Keynote speaker John Battelle (author of The Search, a founder The Industry Standard, an original editor at Wired, and author of an eponymous search blog) gave an excellent presentation on the impact of search on publishing. It was very thought-provoking because my mind wandered both across the topics he discussed and many related ones while he spoke.
While Battelle's book is nominally about search, it's really a thinly veiled work about Google. So I see him falling pretty squarely into the Google worship camp. As an enterprise software guy, I don't get Google worship because Google is Oracle without switching costs. So it's cool as long as it's cool, and it's dead the moment it's not.
Google has one primary revenue source (advertising) and a lot of science projects for PR (e.g., Google Earth, Moon, or -- believe it not -- Google Mars). This is just like Oracle which, for a long time, had one working revenue source (the DBMS) and numerous science projects of its own, such as nCube, the network computer (NC), or video-on-demand.
But the big difference is once you put Oracle inside your company it is very hard to get it out. If moving an IT department from Oracle to DB2 is a liver transplant, moving a user from Google to another search engine is a hangnail. The former requires re-writes of applications, reports, and queries. The latter requires a new bookmark and perhaps a thirty-second toolbar download.
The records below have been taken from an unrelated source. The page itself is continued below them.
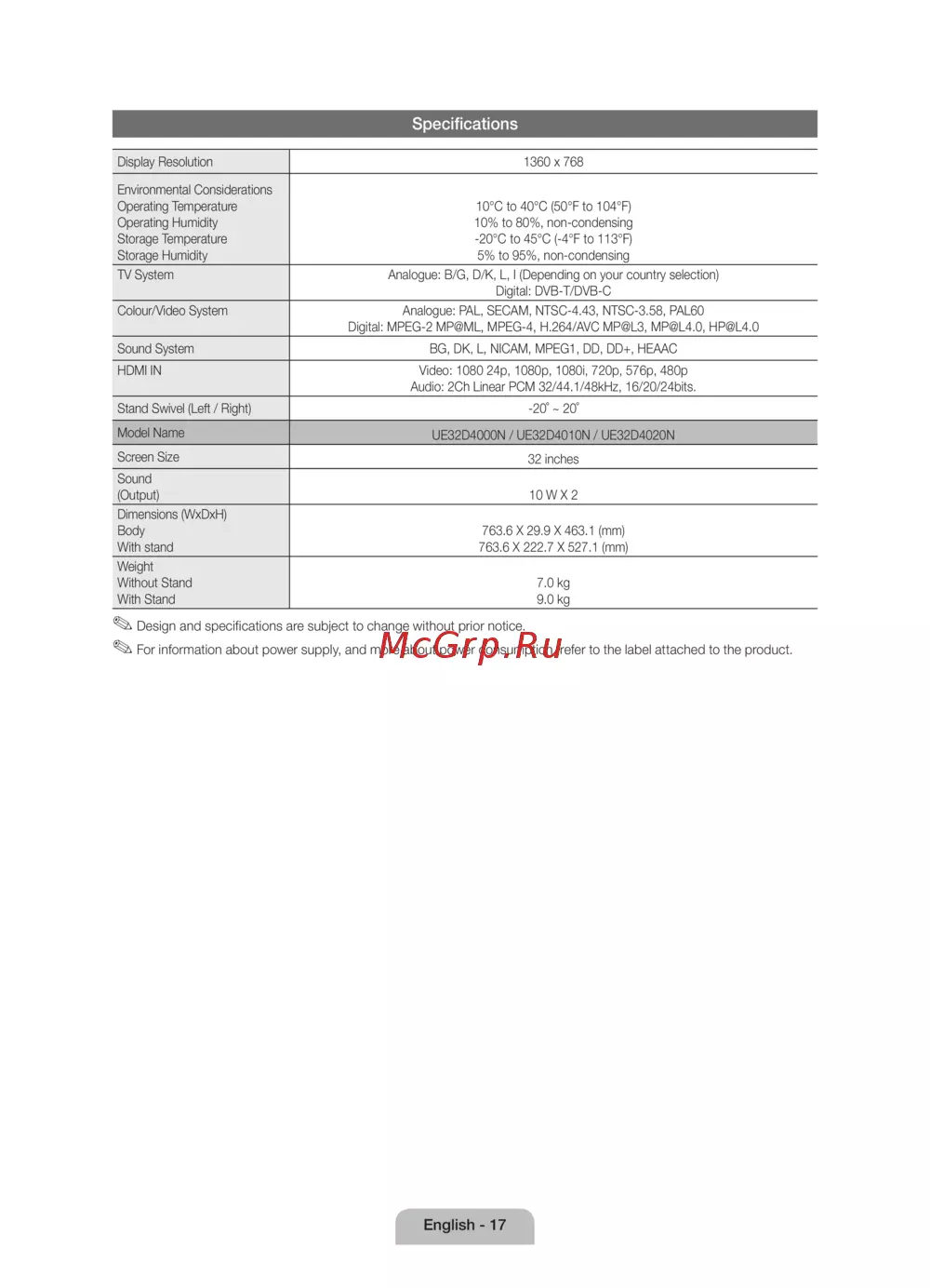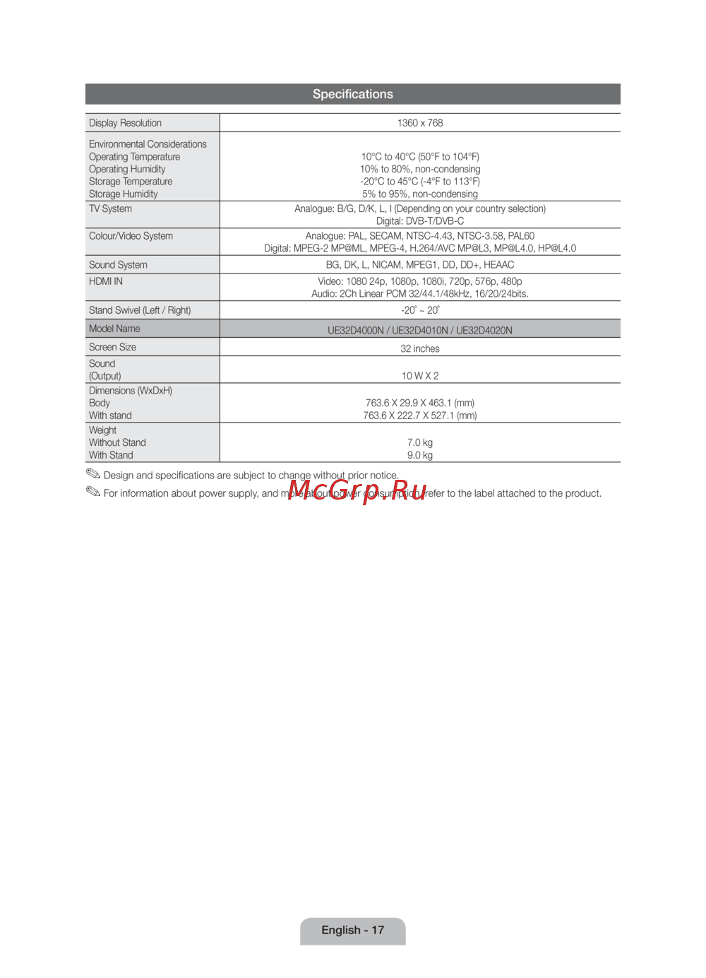 ![Samsung UE32D4020NW [17/65] Specifications](/views2/1000791/page17/bg11.png)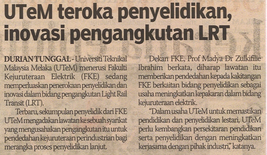 UTeM teroka penyelidikan, inovasi pengangkutan LRT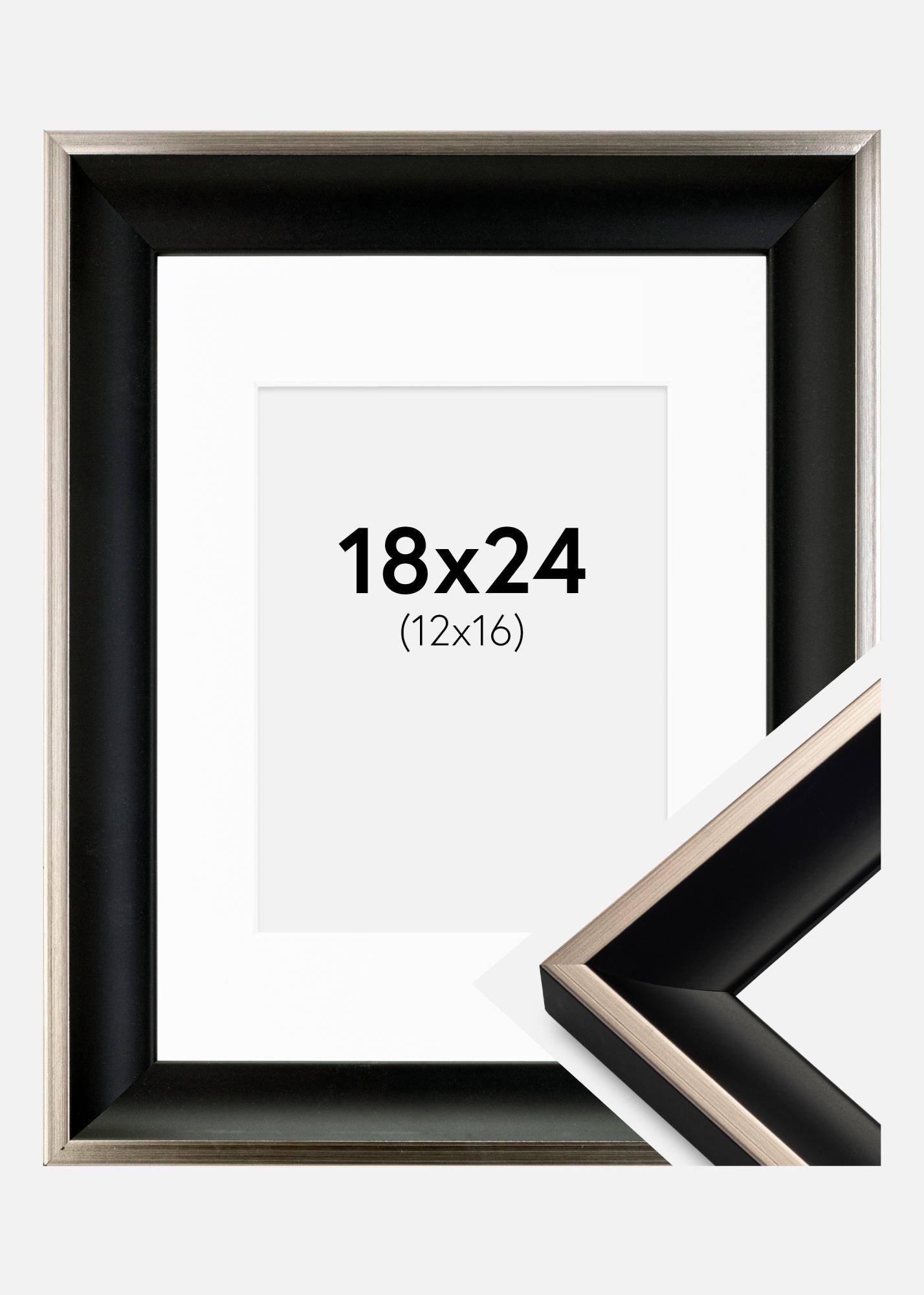 Ramme Öjaren Svart-Sølv 18x24 cm - Passepartout Hvit 13x17 cm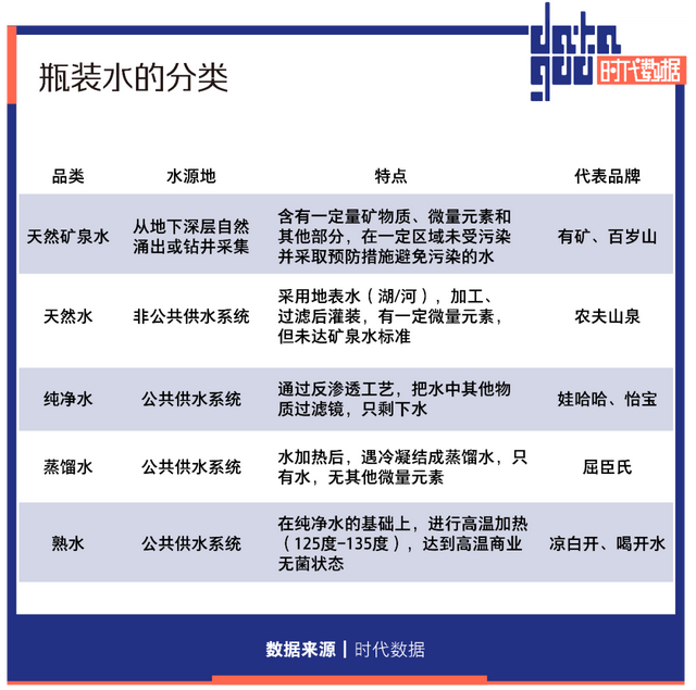 消费者在日常中会习惯将所有瓶装水都称作“矿泉水”,但实际上目前国内大部分品牌均属于包装饮用水,水源来自地表水或公共供水系统。而天然矿泉水除需要是从地下深处自然涌出的或是经人工揭露的、未受污染的地下矿水外,还需要满足国家饮用矿泉水GB8537的国标,是瓶装水市场中相对高端的品类。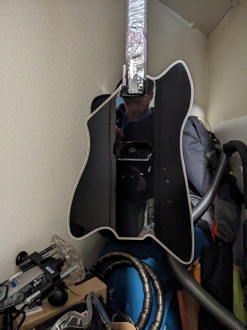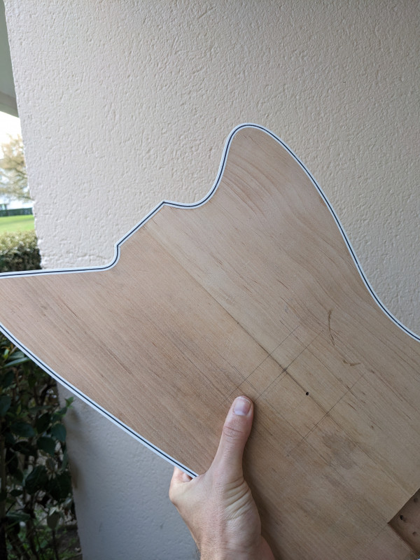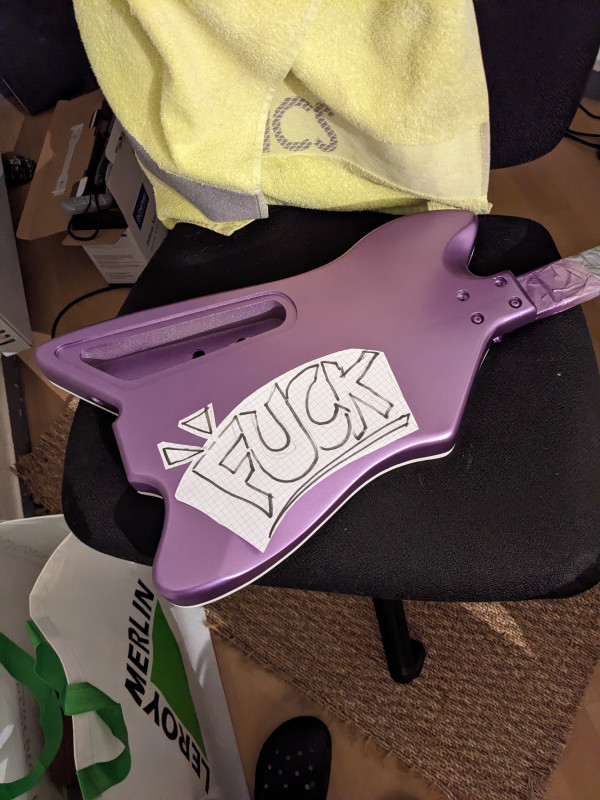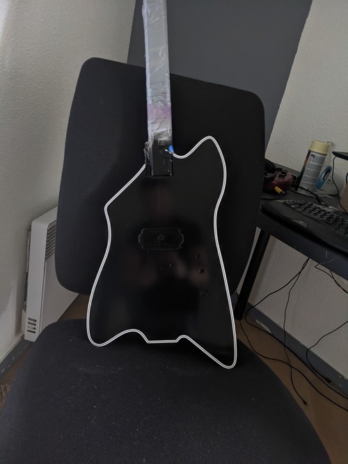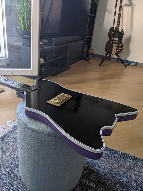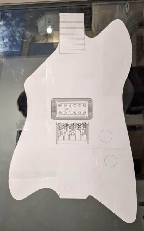 Pour rappel , le sujet doit encore exister sur le forum je pense, celle que j'avais fait était une reverse black en taille réelle, avec un manche tout fait (et les repères trapèzes typiques Gibson).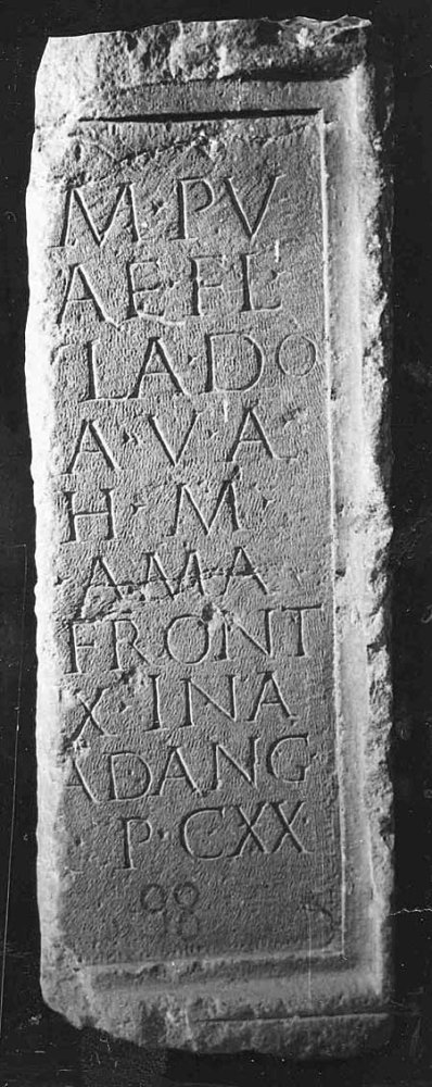 - [---] M() Pu/[---]ae Fl(avi--) / [---]ula do/[?mo ---]a v(ixit) a(nnis) / [---] h(oc) m(onumentum) / [?h(eredem) n(on) s(equentur)] a ma/[?cer(ia) -- in] front(e) / [pedes --]X in a/[gro pedes ---] ad ang(ulos) / [---]r(..) p(edes) CXX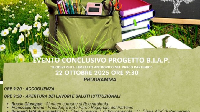 Roccarainola (NA) – Si terrà mercoledì 22 ottobre 2025, a partire dalle ore 9:30 presso la sala multimediale di “Santa Maria delle Grazie”, l’evento conclusivo del progetto B.I.A.P. – “Biodiversità e Impatto Antropico nel Parco Partenio”, un’iniziativa finanziata dall’Unione Europea nell’ambito del programma NextGenerationEU e promossa dal Ministero dell’Università e della Ricerca, in collaborazione con il National Biodiversity Future Center, la Regione Campania e l’Ente Parco Regionale del Partenio.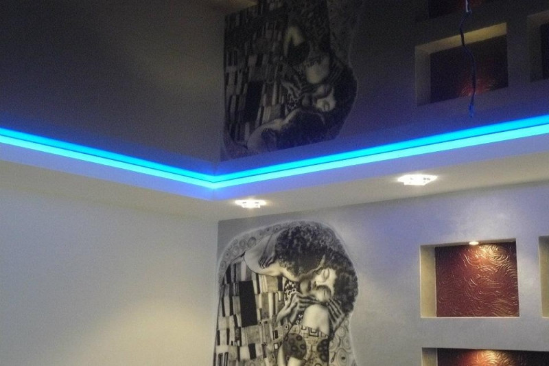 Для усиления эффекта объема попросите на стадии замера во Владимире мастера рассчитать несколько источников света. Они не обязательно должны быть мощными, подойдут споты, светодиодные светильники, но чем их больше, тем больше отражений появится на потолке.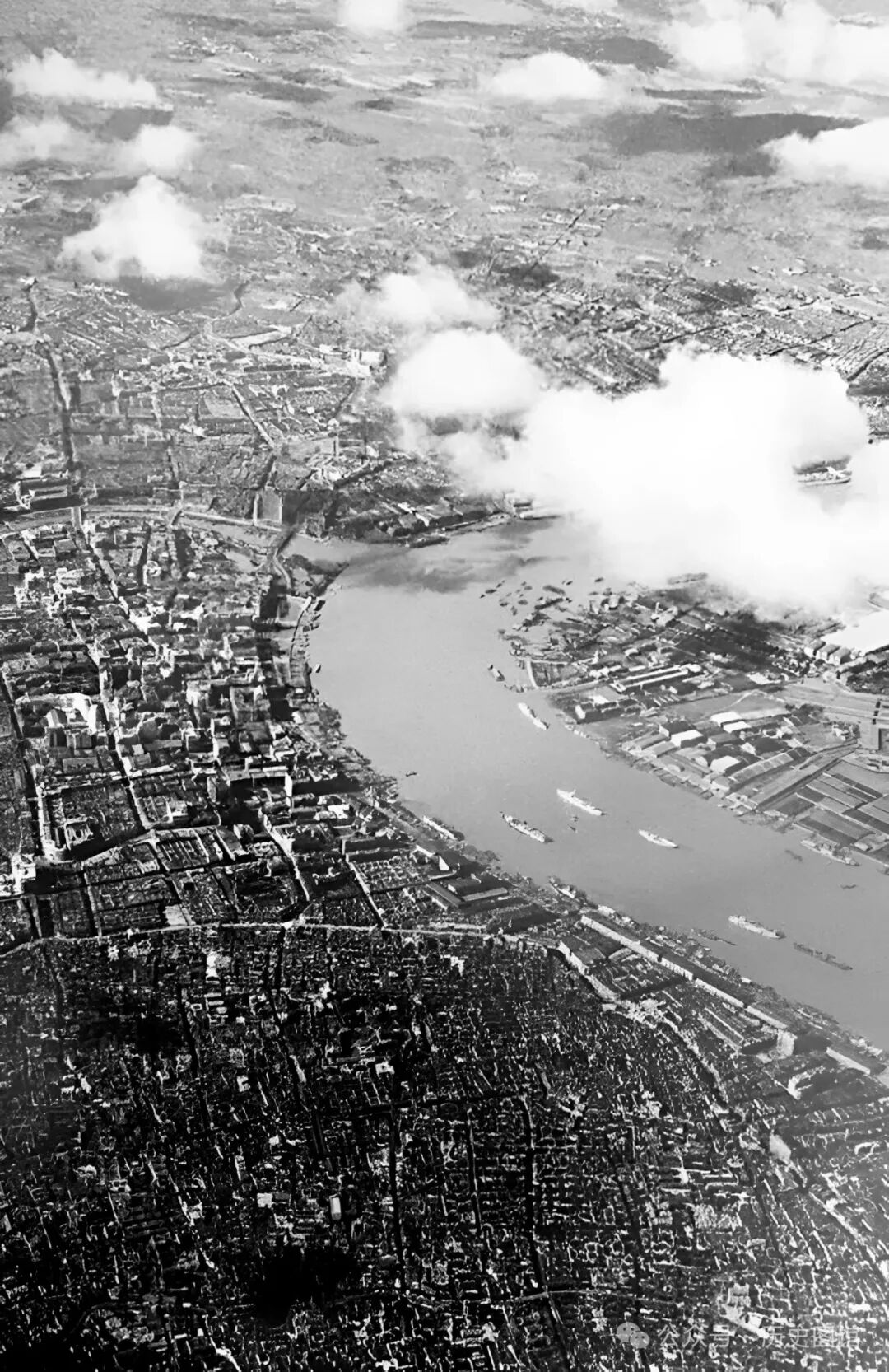 在2500米高空航拍的上海,云朵漂浮在城市上空,黄浦江上,大小船只来往穿梭。。前景为南岛,后景为闸北和虹口。城区建筑密密麻麻,当时的高楼还没有现在多。30年代的上海,已经显现出了大城市的繁华景象。

So, by my analysis, Oracle's arrogance is at least warranted because they have established a very strong strategic position in their accounts. Google's is a mystery because they can easily tumble just as spectacularly as they rose.
Another idea that struck me during Battelle's speech was the irony of search engine optimization (SEO). In Battelle's book, he tells the story of BigFeet.com whose business was almost wiped out one Christmas season by a change in Google's spam-fighting algorithm. They did two things as a result: (1) hired SEO firms to help boost their organic search rankings and (2) started buying keyword advertising. The irony of the former is amazing. The marketing power of the second is scary. "Hey, we're not getting enough advertising from company X -- let's drop their organic search results for a few weeks!" It's hard to think of a more effective marketing campaign.
A more recent example of the BigFeet problem is the UK firm, KinderStart, who recently sued Google over a change in their organic search resuls. This is a predictable result in the US and there's no doubt that KinderStart can prove real damages resulting from decreased organic ranking. The question is can they successfully sue on freedom-of-speech grounds because they apparently believe their rankings decline was punishment for the use of gray- or black-hat SEO techniques?
I had some trouble with Battelle's assertion that the best websites are search-driven. First, virtually all sites have and need search, but to say that the best sites are search-driven is like saying the best companies have buildings. Yes, it's true -- but, then again, all companies have buildings.
When I think about some of the best sites that I use frequently, here's what I like:
- Bloglines (subscription/customization, web interface as opposed to desktop client)
- MyYahoo (customization)
- Amazon (search/taxonomy, product selection, recommendations, reviews, photos)
- eBay (selection, user ratings, payment integration)
- Wikipedia (the content)
- OpenTable (reservations, menus, maps)
- SeatGuru (the content, indispensible for a 6'6" startup CEO)
I agreed with Battelle's notion that the old publishing industry was about producing product in volume, controlling distribution channels and access to capital as entry barriers, and that the new world of publishing is all about the content, what you can do with it, the community around it, and the conversation created by that community. The Internet does indeed break down distribution control and access to capital as entry barriers and it enables community dialog like no previous medium.
Outsell's Chuck Richards gave an excellent presentation on a recent (seemingly complimentary) survey of advertisers. If you want to understand how the people who pay the bills for a large portion of the publishing industry think about advertising, then check it out.
There were several other interesting presentations that I won't cover in this post as it's getting long, even for me.
I will conclude by mentioning Marc Strohlein's presentation, "Where GYM is Headed and What's Beyond Search." (GYM = Google, Yahoo!, Microsoft.) One attendee quipped that Microsoft's first goal is to rewrite the acronym as MYG.
Marc has a great understanding of each of their philosophies, strategies, and directions. He also has a great handle on their technical capabilities, which I'll pull from his slides.
What GYM Does Well
- Simple search
- Communication and collaboration tools
- Cool technology
- Decentralized innovation (dk: Google Mars, pluh-ease)
- Rapid prototyping and development (dk: internally, of the software they run behind their sites)
- Ad-based revenue models
What GYM Does Poorly
- Vertical domain search (dk: the subject of a future post, I promise)
- Sub-document search (dk: long live MarkLogic)
- Workflow integration (dk: they can't, they're not a technology platform for building applications)
- Post-search content manipuation (dk: nothing beats XQuery here)
- Contextual search
- Deep web search (dk: think blocked crawlers)
- Subscription, transactional revenue models
All in all, the BrainGain lived up to its name.